Exercise description: At the line that holds "今日は、同じ部署の羽原さんと", start repeating, and keep going exactly through the final line of the material; include both ends and skip the pictures.

Exercise data:
[Start of Attachment]

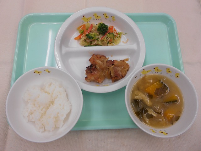 味噌汁(かぼちゃ、もやし、油揚げ、わかめ)
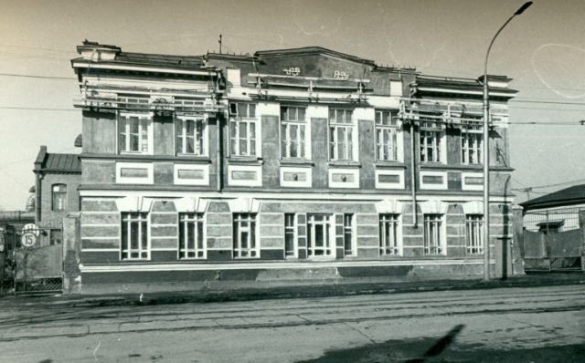 Бывшее Лебедевское училище, Радищева, 39. Снимок 1980-х годов. На фасаде видны ныне утраченные лепные украшения в виде львиных голов:
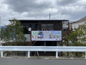 今日は、同じ部署の羽原さんと寺家にあるモデルハウス’’EDIT HOUSE’’に横幕を取り付けました。
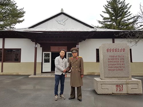 Anh Nguyễn Minh Vũ (trái), hướng dẫn viên của Vietravel, chụp ảnh lưu niệm tại khu phi quân sự DMZ, một trong những địa điểm được Triều Tiên cho phép du khách tham quan.

[End of Attachment]

Written solution:
 今日は、同じ部署の羽原さんと寺家にあるモデルハウス’’EDIT HOUSE’’に横幕を取り付けました。
 Anh Nguyễn Minh Vũ (trái), hướng dẫn viên của Vietravel, chụp ảnh lưu niệm tại khu phi quân sự DMZ, một trong những địa điểm được Triều Tiên cho phép du khách tham quan.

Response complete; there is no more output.